The FDA updates the NDC directory daily. The NDC numbers for Dasatinib anhydrous API and other APIs are published in this directory by the FDA.
The NDC unfinished drugs database includes product listing information submitted for all unfinished drugs, such as active pharmaceutical ingredients (APIs), drugs intended for further processing and bulk drug substances for compounding.
Pharmaceutical companies that manufacture Dasatinib anhydrous as an active pharmaceutical ingredient (API) must furnish the FDA with an updated record of all drugs that they produce, prepare, propagate, compound, or process for commercial distribution in the US at their facilities.
The NDC directory also contains data on finished compounded human drug products that contain Dasatinib anhydrous and are produced by outsourcing facilities. While these outsourcing facilities are not mandated to assign a Dasatinib anhydrous NDC to their finished compounded human drug products, they may choose to do so.
click here to find a list of Dasatinib anhydrous suppliers with NDC on PharmaCompass.
Dasatinib anhydrous Active pharmaceutical ingredient (API) is produced in GMP-certified manufacturing facility.
GMP stands for Good Manufacturing Practices, which is a system used in the pharmaceutical industry to make sure that goods are regularly produced and monitored in accordance with quality standards. The FDA’s current Good Manufacturing Practices requirements are referred to as cGMP or current GMP which indicates that the company follows the most recent GMP specifications. The World Health Organization (WHO) has its own set of GMP guidelines, called the WHO GMP. Different countries can also set their own guidelines for GMP like China (Chinese GMP) or the EU (EU GMP).
PharmaCompass offers a list of Dasatinib anhydrous GMP manufacturers, exporters & distributors, which can be sorted by USDMF, JDMF, KDMF, CEP (COS), WC, API price, and more, enabling you to easily find the right Dasatinib anhydrous GMP manufacturer or Dasatinib anhydrous GMP API supplier for your needs.
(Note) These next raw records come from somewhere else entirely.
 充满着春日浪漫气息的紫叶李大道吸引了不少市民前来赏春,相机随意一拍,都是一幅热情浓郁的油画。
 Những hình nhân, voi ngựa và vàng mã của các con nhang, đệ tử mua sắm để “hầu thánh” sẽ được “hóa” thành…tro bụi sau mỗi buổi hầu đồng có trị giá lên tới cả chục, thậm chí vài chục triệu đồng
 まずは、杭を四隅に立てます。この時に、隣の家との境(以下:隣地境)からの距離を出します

A Dasatinib anhydrous CoA (Certificate of Analysis) is a formal document that attests to Dasatinib anhydrous's compliance with Dasatinib anhydrous specifications and serves as a tool for batch-level quality control.
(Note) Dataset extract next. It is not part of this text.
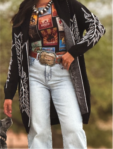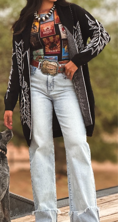 Wrap yourself in western Elegance with this Black Boot Stitch Embroidered Open-Front Knit Cardigan - The rich black color exudes rustic elegance, while side pockets add practical flair. It’s a perfect layering piece for chilly rodeo nights, NFR Rodeo week, or everyday coffee runs.
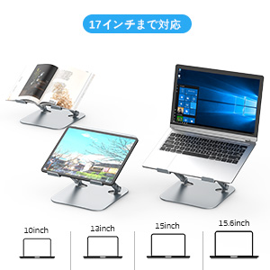 このノートPCスタンドは、人間工学に基づいた設計原理を採用しており、高さや傾斜を素早く調整することができ、カスタマイズされた視聴体験を提供します。目の疲れや首、肩、背中の負担を軽減しながら快適さを向上させます。頑丈な金属製のパソコンスタンドは、11インチから17インチまでのノートパソコン、タブレット、Kindleなどのデバイスに最適です。この超薄型のPCスタンドは、使用しない時には1.3インチまでフラットに折りたたむことができ、ノートパソコンバッグやバックパックに簡単に収納できます。自宅、オフィス、寮、旅行など、あらゆる場所で活躍します。

Dasatinib anhydrous CoA mostly includes findings from lab analyses of a specific batch. For each Dasatinib anhydrous CoA document that a company creates, the USFDA specifies specific requirements, such as supplier information, material identification, transportation data, evidence of conformity and signature data.
Dasatinib anhydrous may be tested according to a variety of international standards, such as European Pharmacopoeia (Dasatinib anhydrous EP), Dasatinib anhydrous JP (Japanese Pharmacopeia) and the US Pharmacopoeia (Dasatinib anhydrous USP).